Growing Up in “The Whole Wide World,” A Tribute to Rita Houston

Rita Houston by Gus Philippas
Rita Houston at the Beacon Theatre by Gus Philippas

When I think of the term “radio voice,” there’s always one voice that comes to mind first, with its unmatchable smoothness and subtle rasp. The truth is, when I think DJ, it’s always Rita who I see, whose voice I hear. Rita Houston of WFUV, 90.7 FM, somehow seemed to define “one of a kind.” She was a one of a kind DJ, music lover, friend, and above all, a one of a kind human whose humanity itself was infectious even over the airwaves.

When I was in high school, “The Whole Wide World,” which aired Fridays from 6-9 PM signified that it was the weekend. After what could’ve been the longest and hardest week, Rita’s voice and the opening song of her show made everything feel better. The kitchen of my childhood home was flooded with Rita’s eclectic mix of the best music from any and every decade. Rita wasn’t one to stick to any one genre. Rather, she could start with Earth, Wind and Fire, and somehow end up at Brandi Carlile, sneaking in a Beyonce track along the way. “The Whole Wide World” was just that, an all-encompassing global experience that simply had no boundaries. Rita truly had a gift when it came to curation, and it had everything to do with the fact that her knowledge and experience of music was global.

WFUV writes, 

“The Whole Wide World kicked off in 2001 as a showcase for host Rita Houston’s wide-ranging taste in music. She mixed MIA with Marvin Gaye, The Bird and the Bee with Elvis Presley, Ella Fitzgerald with Mark Ronson. It was never about traditional “world music,” but about searching the globe to bring you sounds from world-class artists, pushing the limits of rock, dance and jazz, mixing the lesser-known with the deservedly classic. Longtime listeners know to expect the unexpected.”

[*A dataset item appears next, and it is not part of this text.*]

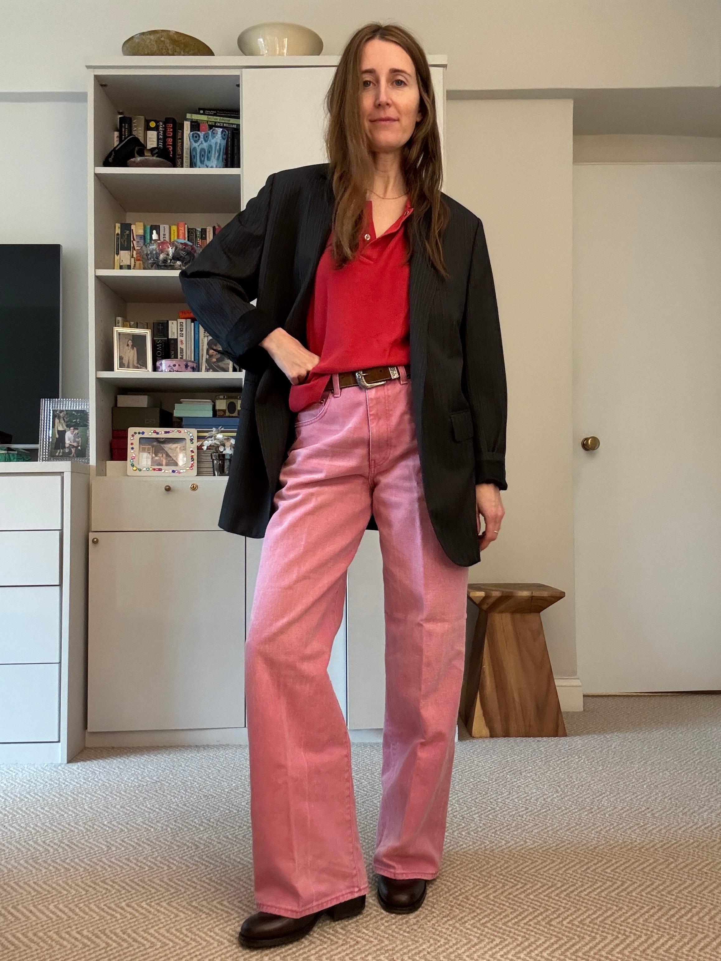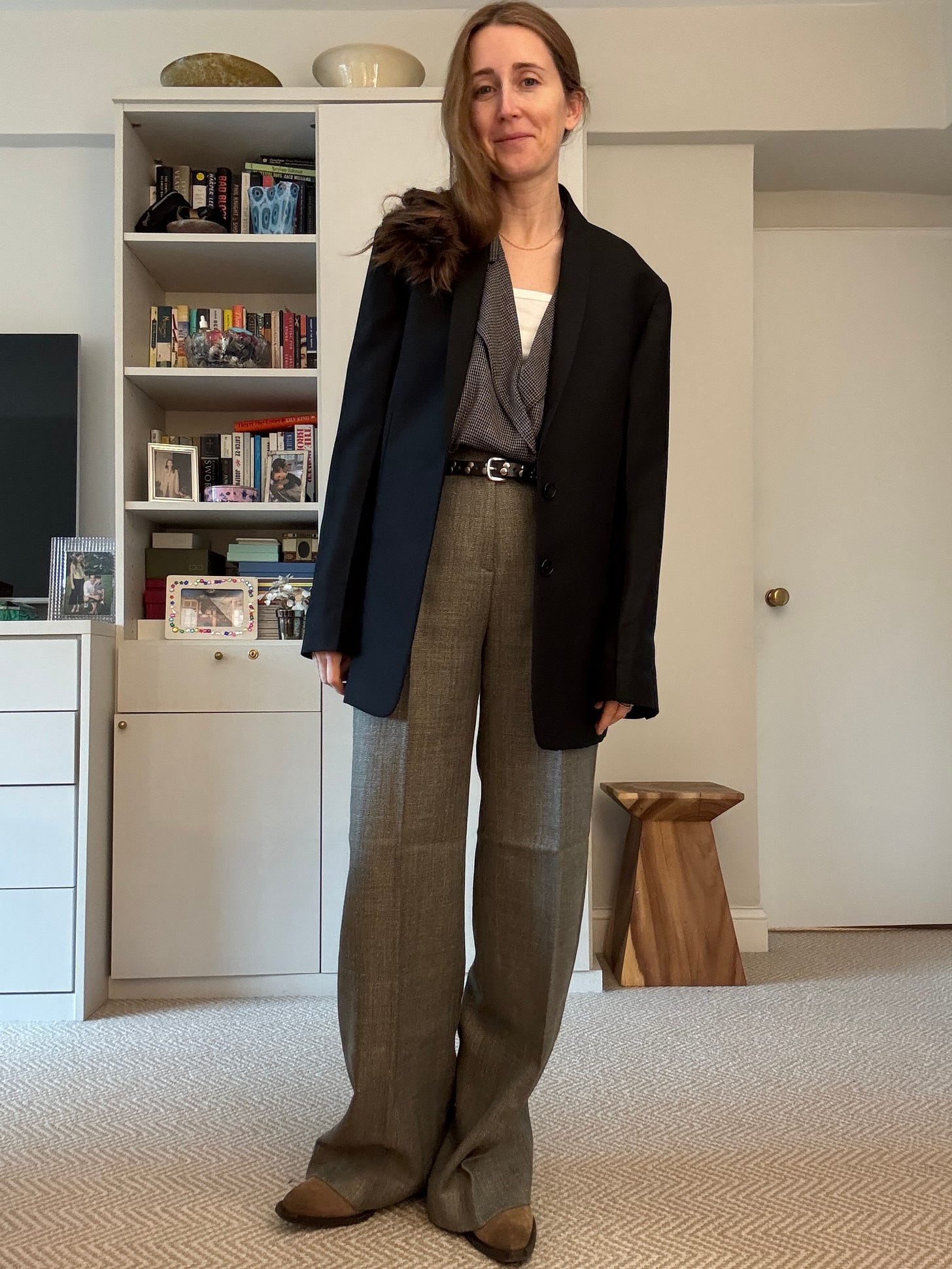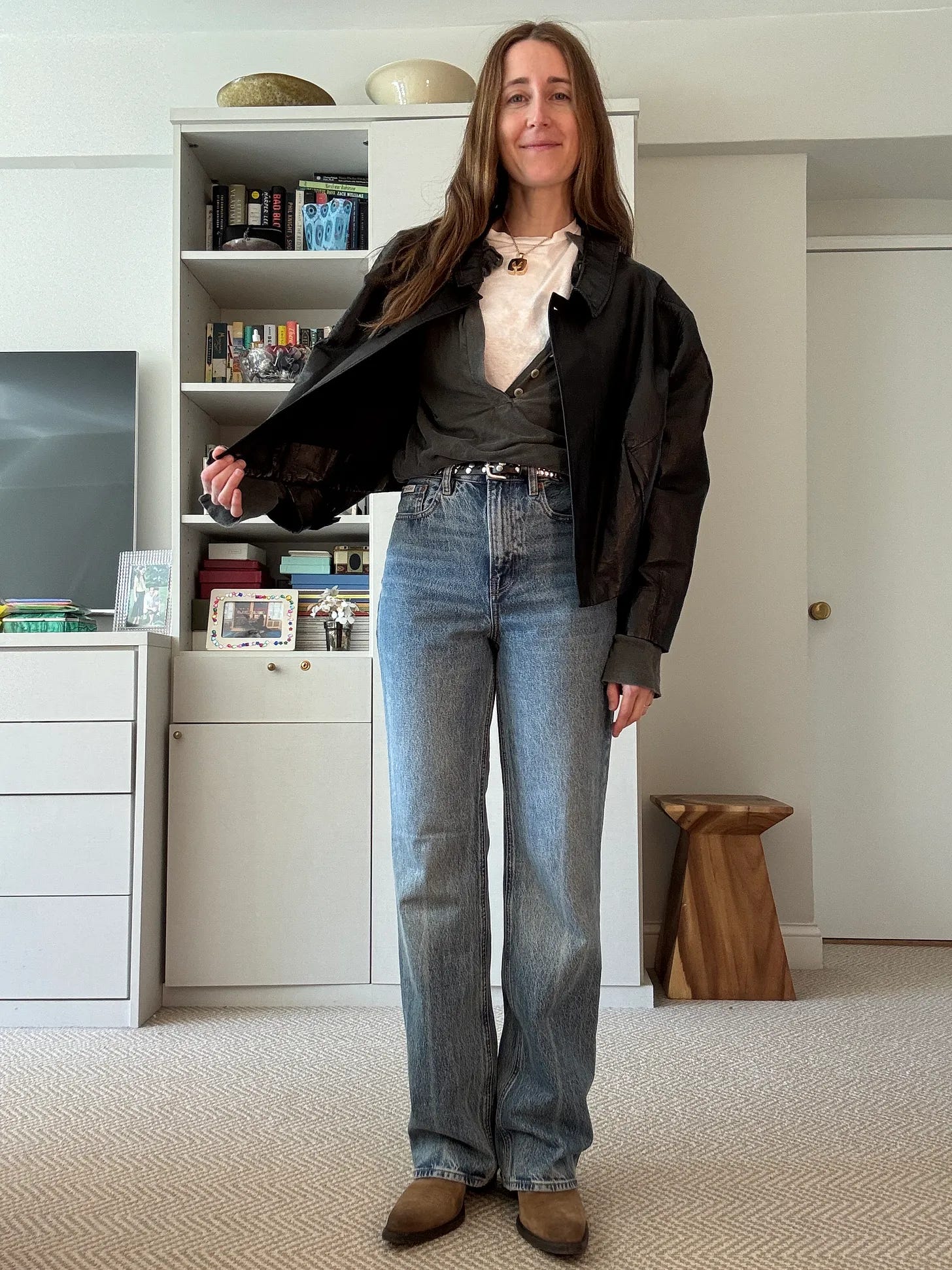 It’s a good middle layer for under a blazer or leather jacket without feeling too overstuffed. And still looks like a complete outfit when you remove said layer.

When I left home for college, I missed WFUV’s daily presence more than anything, especially my Friday nights with Rita. Luckily I could stream WFUV from my laptop in my dorm room to make things feel a little more normal, but I wasn’t always able to catch the show. In my very first semester, I ended up at a club fair where I discovered that New Paltz had their own radio station, WFNP. I started as a daytime DJ almost immediately; it took a good deal of practice to not say WFUV instead of WFNP on air accidentally. I can say with confidence that nearly all my inspiration came from Rita. My style of DJ-ing was a product of years of listening to hers. I took subtle cues from her transitions, tried to mimic her smoothness, and sheer coolness, all while knowing it would take years of experience of music alone to even come close to a Rita-level of cool.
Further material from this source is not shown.